Someone who was doing water changes every day to keep their nitrates low can now do water changes every two weeks with the Biodenitrator and keep their maximum sulfate level below 150 PPM.

I didn't figure out how to upload a zip file yet but I wrote a program in C# that gives the concentration of nitrates versus time for various configurations and I would like to share it.


----------



## Piranha Dan (Nov 11, 2007)

Sounds cool, but very pricy.
The only problem with it I can see is that even though you wouldn't need to do as many water changes, you'd still be hooking up your Python just as often, because you still have to vacuum your gravel. At least you wouldn't need to sit around while it drains/fills though.


----------



## NegativeSpin (Aug 1, 2007)

Piranha Dan said:


> Sounds cool, but very pricy.
> The only problem with it I can see is that even though you wouldn't need to do as many water changes, you'd still be hooking up your Python just as often, because you still have to vacuum your gravel. At least you wouldn't need to sit around while it drains/fills though.

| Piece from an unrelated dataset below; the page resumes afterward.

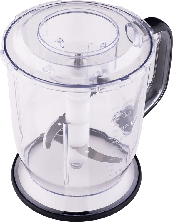 Большая устойчивая пластиковая чаша объемом 1,5 л подходит для измельчения большого количества ингредиентов

The gravel vacuuming is true but you could probably still wait once a week and get really dark and dirty water out of the gravel and not need to replace as much water. I'm gonna get a biodenitrator and I'll find the optimal maintenance.... probably once a week. Imagine how much that makes life easy for people with overstocked tanks doing it every day or every other day?

If you did the gravel vac every two weeks you would get really dark and dirty water out of the gravel but it would take the same amount of time and water to remove it. In the two week period you might have to use the python hose to top off the water from evaporation anyway.


----------



## TobiasRieper (Mar 14, 2008)

I find that the right amount of plants reduces nitrates quite a bit. I have 45 feeders in my 150g tank and my nitrates were through the roof. I bought 7 big plants and 4 moss balls and now my nitrate is 0ppm and has been for the past week.


----------



## tiran (Apr 27, 2007)

shanker said:


> Sounds cool, but very pricy.
> The only problem with it I can see is that even though you wouldn't need to do as many water changes, you'd still be hooking up your Python just as often, because you still have to vacuum your gravel. At least you wouldn't need to sit around while it drains/fills though.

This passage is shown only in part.